Salaam was found dead in a Boulder, Colo., park on Monday night. Authorities said there were no signs of foul play.

“The Buff Family has lost an outstanding young man and a great Buff today,” CU athletics director Rick George said in a statement Tuesday. “We are heartbroken for Rashaan and his family and our thoughts and prayers are with them at this very difficult time.”

Salaam was best known in college football for winning the 1994 Heisman Trophy, beating out Penn State running back Ki-Jana Carter, the late Alcorn State quarterback Steve McNair and Penn State quarterback Kerry Collins after a season in which he rushed for 2,055 yards and 24 touchdowns on 7.61 yards per carry. Salaam also claimed the Walter Camp Player of the Year award and the Doak Walker Award as the nation’s top running back after helping the Buffs to a season in which they finished 11-1, beat Notre Dame in the Fiesta Bowl and finished the season ranked No. 3 in the AP poll.

Salaam was drafted in the first round by the Chicago Bears in the 1995 NFL Draft and became the youngest player in league history to rush for 1,000 yards in a single season.

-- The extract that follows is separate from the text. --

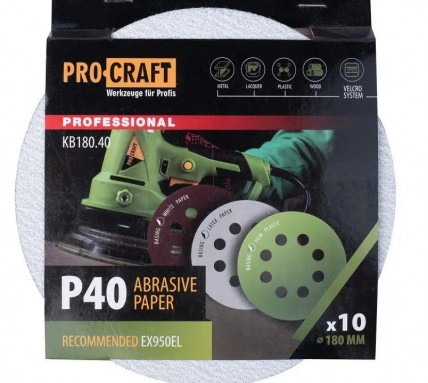 - Круг шлифовальный самозацепной Procraft KB180.40 UNIVERSAL (набор 10 шт.) 8 отв.

His career fizzled from there, though, as a broken leg derailed his career and his yearly totals dwindled to 496, 112 and later two yards with the expansion Cleveland Browns in 1999. Salaam later tried comeback efforts in the XFL and CFL before calling it quits.

Oddly enough, Salaam is the first Heisman winner in more than half a century to pass away.

“He was very coachable,” former CU coach Bill McCartney said. “He had a happy heart. I loved being around him. He didn’t take himself too seriously, and he always credited those around him, especially his offensive line. What I liked about him is that he had a sparkle in his eye. He was upbeat and positive.”